Data records =
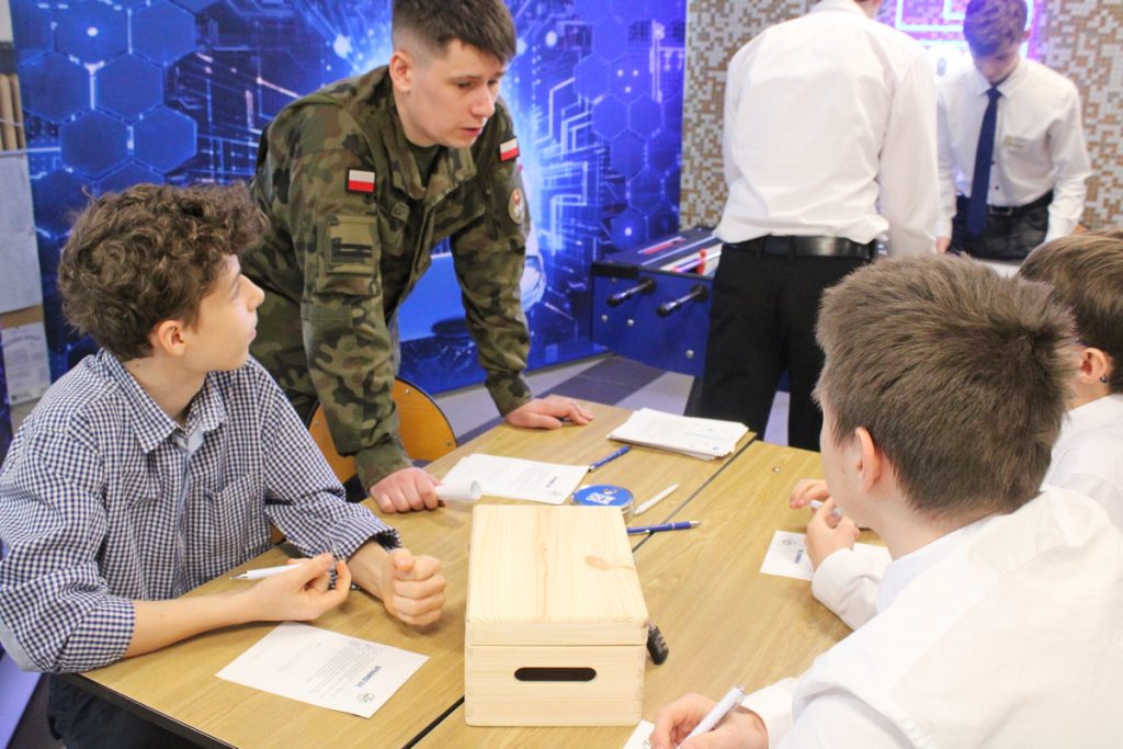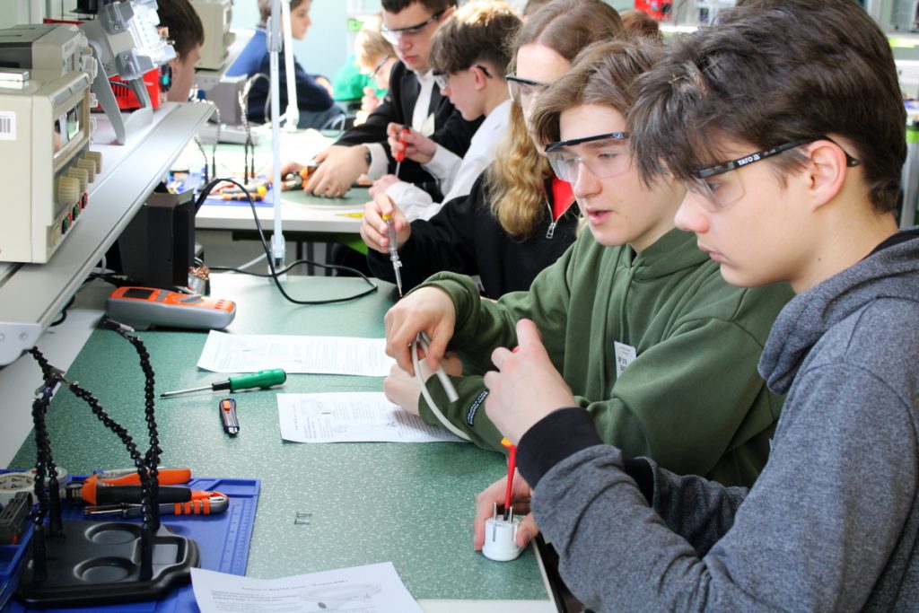 W zadaniu pierwszym, w pracowni elektronicznej, uczestnicy wykonywali montaż precyzyjny przedłużacza sieciowego pojedynczego, w oparciu o niezbędne narzędzia, urządzenia i osprzęt elektryczny. Jako asystenci, pomagali uczestnikom, uczniowie z klasy 2ad, którzy zostali przeszkoleni jako instruktorzy stanowisk.
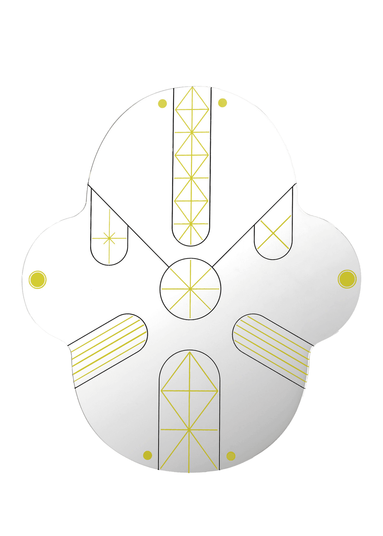 Jaime Hayon designed these two mirrors for BD. They represent two faces (King and Kong) and are available in two sizes. Gold and black geometric lines spread across the mirrors in symmetrical patterns. The silhouette of the mirrors is like that of a monkey’s face and can be placed alongside each other or individually.
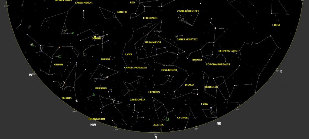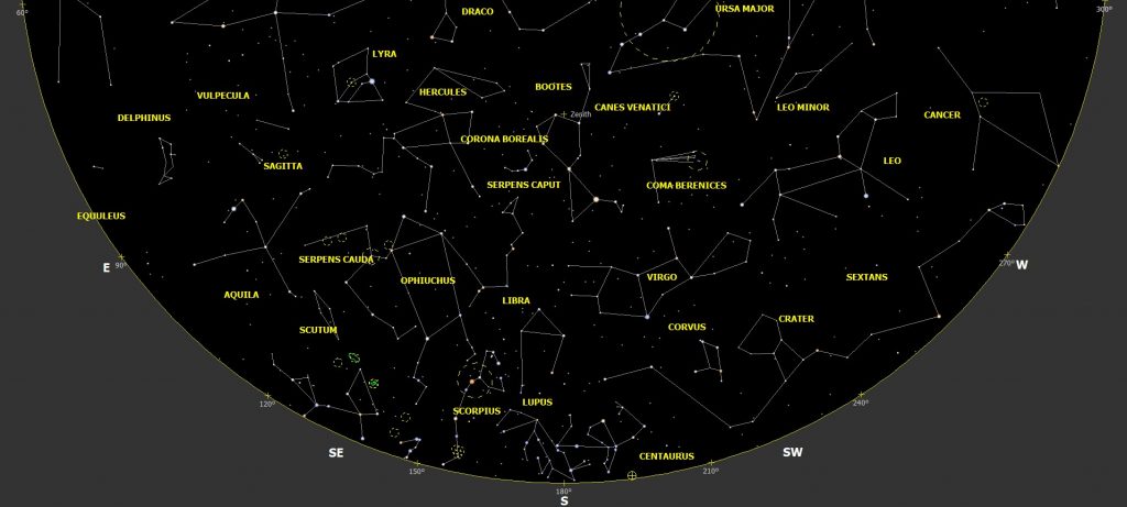 A continuación, se reflejan cuatro mapas, dos para la primera parte de la noche (orientaciones norte y sur) y otros dos para el cielo de madrugada (id orientaciones) obtenidos del programa «Cybersky 5.0.3» y calculados para el día 15 del mes.
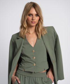 NIKKIE Women’s Waistcoat With Adjustable Waistband | Ash Green
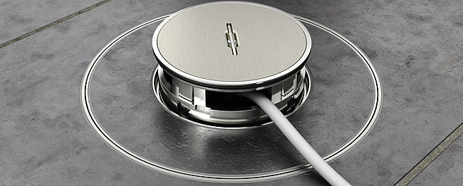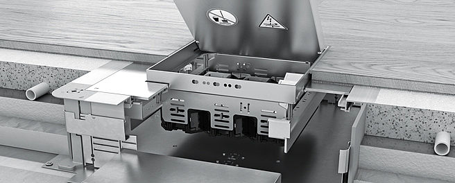 Los conjuntos portamecanismos con altura regulable desacoplados especiales para montaje en pavimento ya se pueden instalarse a partir de una altura de suelo de 90 mm, incluidos los mecanismos.
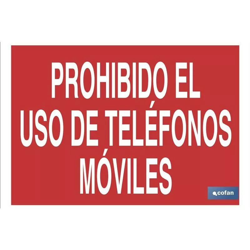 Señal Texto prohibido uso de teléfonos móviles en varias medidas y materiales.
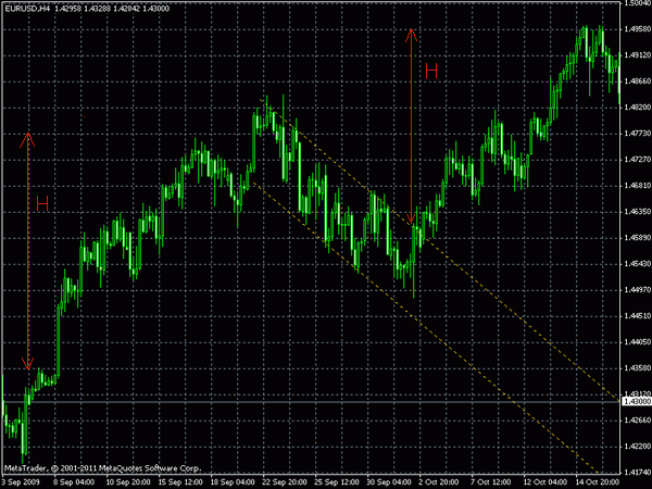 Если треугольник пробивается в направлении текущего тренда, то после пробоя происходит сильное движение и цена уходит не менее чем на высоту треугольника Н (вертикальная высота самой широкой части треугольника).
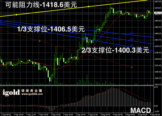 黄金长线阴阳烛录得柱体再次高于红色日平均移动系统,且形成了底部三角,后期有可能继续反弹,长线MACD显示多头主导,RSI则开始反弹,录得67附近,在未接近70之前,黄金价格有可能冲击1420美元附近震荡。

What you will do =
Print out the entries above word for word from the first line to the line containing "Jaime Hayon designed", both included, omitting the pictures.

Solution to this exercise =
 W zadaniu pierwszym, w pracowni elektronicznej, uczestnicy wykonywali montaż precyzyjny przedłużacza sieciowego pojedynczego, w oparciu o niezbędne narzędzia, urządzenia i osprzęt elektryczny. Jako asystenci, pomagali uczestnikom, uczniowie z klasy 2ad, którzy zostali przeszkoleni jako instruktorzy stanowisk.
 Jaime Hayon designed these two mirrors for BD. They represent two faces (King and Kong) and are available in two sizes. Gold and black geometric lines spread across the mirrors in symmetrical patterns. The silhouette of the mirrors is like that of a monkey’s face and can be placed alongside each other or individually.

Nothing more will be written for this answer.